_Action item_
Quote the material exactly from the line that contains "洗净炒锅搁炉上,放入辣椒粒煸炒。" through its last line. Any pictures are to be left out.

_Supplied data_
────────────────

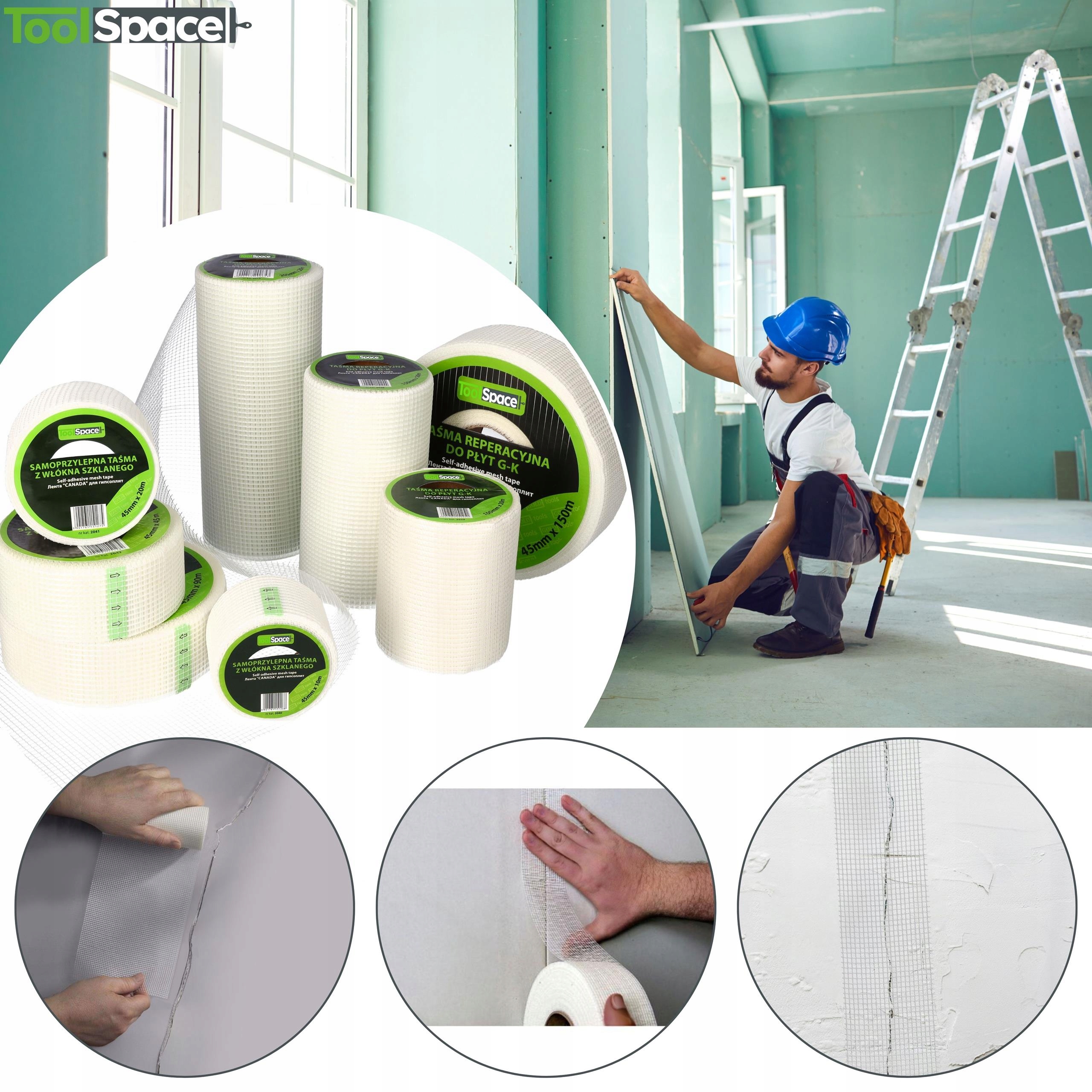 Само -адгезивна ремонтована/склопластикова стрічка з інструментами Space® склопластику відрізняється високою міцністю, хорошою адгезією до штукатурки та ефективності в маскуванні суглобів, тріщин та дефектів.
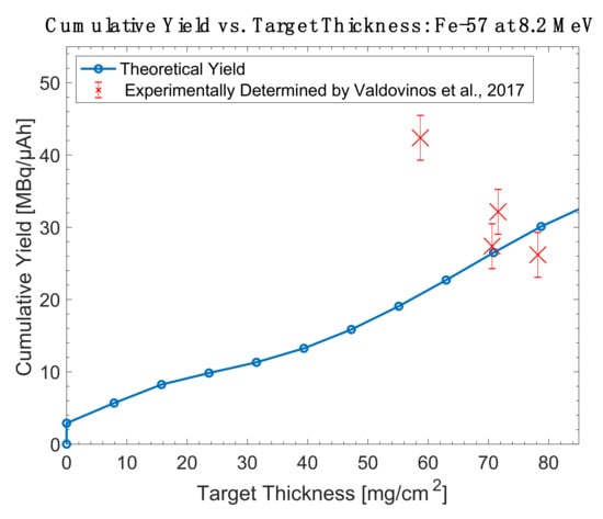 Thick target yield comparison between theoretical data and experimentally collected data for iron-57 targets at 8.2 MeV [26].
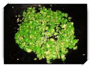 洗净炒锅搁炉上,放入辣椒粒煸炒。
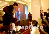 ![]() WTO多哈會議10日晚審議通過了中國入世,中國代表團團長石廣生、副團長龍永圖出席會議。中新社記者 錢興強 攝 ![]() 世界貿(mào)易組織(WTO)第四屆部長級會議10日晚審議通過了中國加入世界貿(mào)易組織。圖為會議新聞中心的記者們在觀看電視直播。中新社記者 錢興強 攝

────────────────

_Response below_
 洗净炒锅搁炉上,放入辣椒粒煸炒。
 ![]() WTO多哈會議10日晚審議通過了中國入世,中國代表團團長石廣生、副團長龍永圖出席會議。中新社記者 錢興強 攝 ![]() 世界貿(mào)易組織(WTO)第四屆部長級會議10日晚審議通過了中國加入世界貿(mào)易組織。圖為會議新聞中心的記者們在觀看電視直播。中新社記者 錢興強 攝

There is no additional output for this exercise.